Madre Teresa de Calcuta, siempre en terreno de misión, solía decir que “la paz comienza con una sonrisa”; sin duda, con un cambio de actitud. Con el tiempo, yo también he aprendido, que el signo más evidente de que habita la poesía en mí, es haber hallado esa paz interior, tan libre como genuina, a través de la observación, de mirar y ver, o simplemente de dejarme cautivar por el silencio. Custodiémonos, efectivamente, el intelecto al servicio del amor. Ésta es la más esperanzada receta. No nos confundamos.
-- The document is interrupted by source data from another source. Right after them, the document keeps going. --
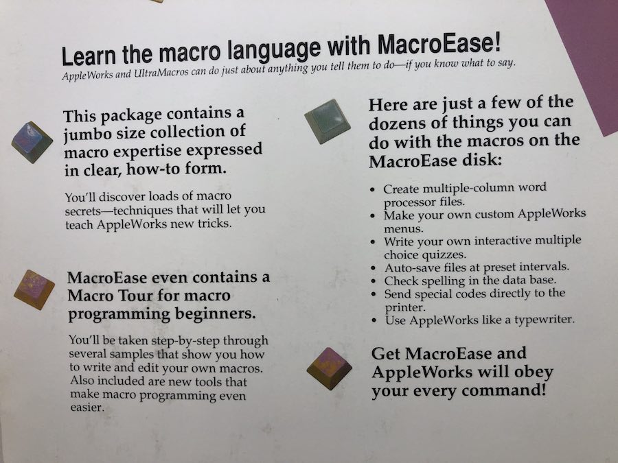 This package contains a jumbo size collection of macro expertise expresses in clear in clear how-to form. Discover loads of macro secrets. Create your own custom AppleWorks menus, write your own interactive multiple choice quizzes, balance your checkbook, do multiple column word processor files and more.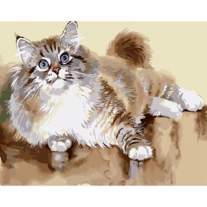 Картина за номерами Strateg ПРЕМІУМ Пухнастий котик розміром 40х50 см (GS1323)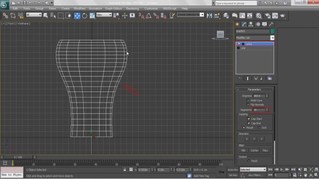 Шаг-3.Теперь, из списка модификаторов находим и выбираем модификатор Lathe. После этого, как мы видим у нас уже получился объект в форме бокала и над которым Нам необходимо далее работать.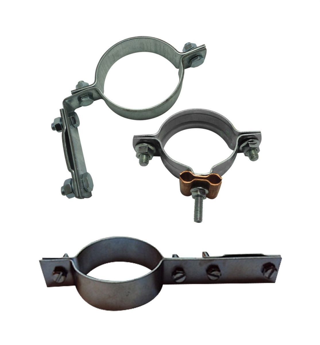 Pole Type Fixing Clamp : Used to fix galvanized tape strip to pole.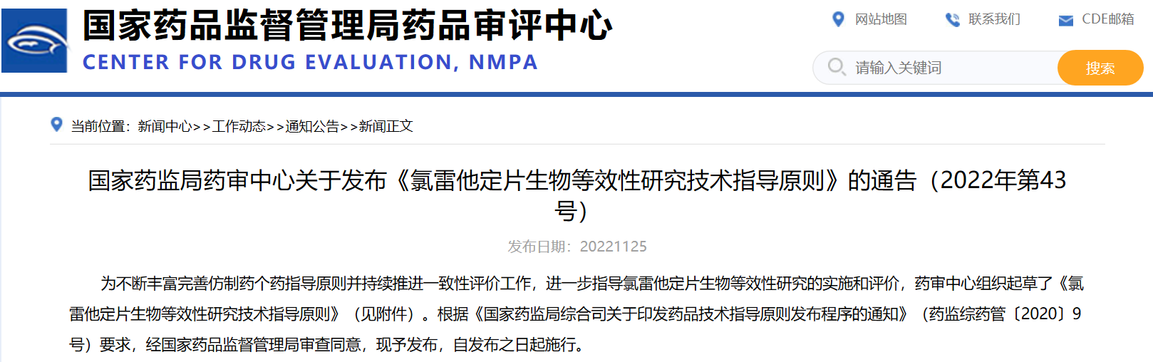 國家藥監(jiān)局藥審中心關(guān)于發(fā)布《氯雷他定片生物等效性研究技術(shù)指導(dǎo)原則》的通告(2022年第43號)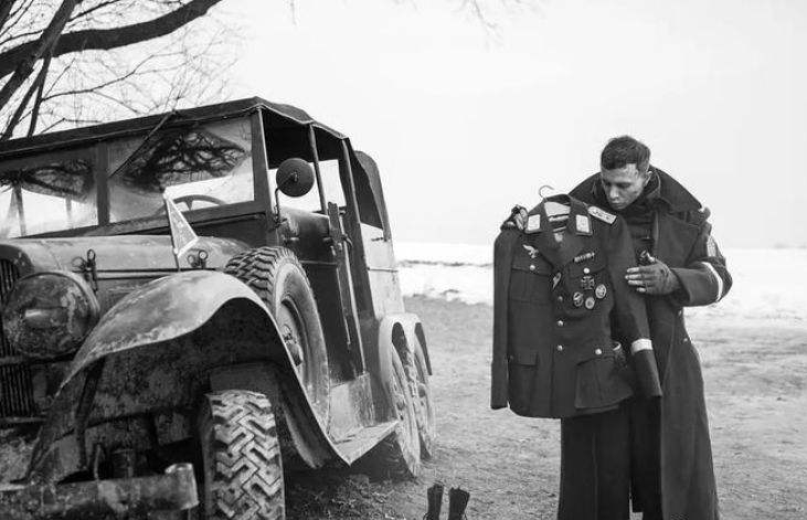 1945年3月,赫罗德随部队溃败回德国,不知是与部队失散还是故意逃跑,反正他落单成了逃兵,在当时逃兵被抓住是会被送进惩戒营的,所以赫罗德逃亡的日子并不好过。一个意外的机会,他在一辆废弃的汽车里发现了被遗弃的行李,里面有一套德国空军上尉的制服,看着眼前的制服,一个大胆的计划闪现在他脑子里。
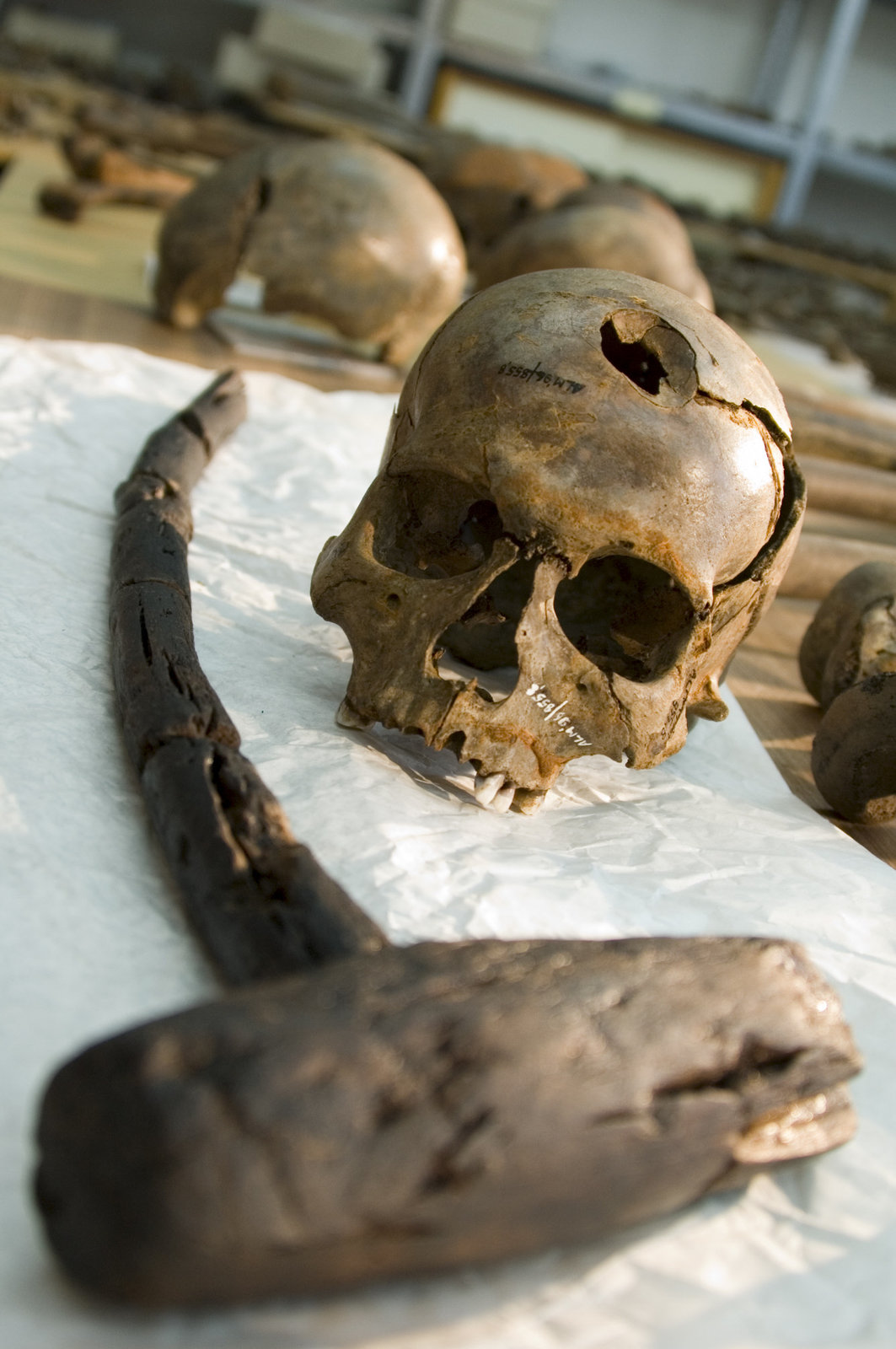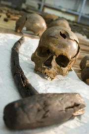 Die Bernsteinstraße - Die dunkle KarawaneWaffe und Opfer der Kämpfe im Tollense-Tal: Ein Holzhammer mit langem Stil wurde zur tödlichen Waffe. Der Schädel wurde mit einem einzigen Schlag verletzt.Bild: © ZDF und Stephan Zengerle

El que ama todo lo comprende, también todo lo entiende, hasta los defectos de la persona a quien se entrega. Unamuno siempre tenía en boca esta fórmula de sanación: “El amor compadece, y compadece más cuanto más ama”. El referente es ese Niño que nos acaba de nacer, que nos da continuidad y esperanza, pues todo ser humano, ya no es que viva de recuerdos, sino que también camina entre la memoria y el anhelo por abrazar cada cual su propia historia. Por ello, es importante que salgamos de esa ficción que nos mata, que juega con nosotros a su antojo, a su poderío. Las gentes han de volver a ser sencillas de corazón, a sentir la emoción por la pureza, por ese culto a una cultura nívea que nos concilie. Tenemos demasiada cultura putrefacta que nos atormenta. Precisamos sentirnos dueños, artífices de uno mismo en alianza con los demás, algo que es tan necesario como urgente. Ahora bien, nos merecemos salir erguidos y con la cabeza alzada, con la mano tendida, pero con la mirada firme. Hemos de despertar sin abatimiento, sabiendo que por muy desconsolado que el pueblo camine, la esperanza de rehacernos de nuevo volverá a estar presente, como en el caso de las gentes positivas, que ven siempre el vaso medio lleno y nunca medio vacío. Venga, en consecuencia, a nosotros ese estimulante vital muy superior a la buena estrella. Al fin y al cabo, todo hay que trabajarlo. O sea, ¡ganárselo!.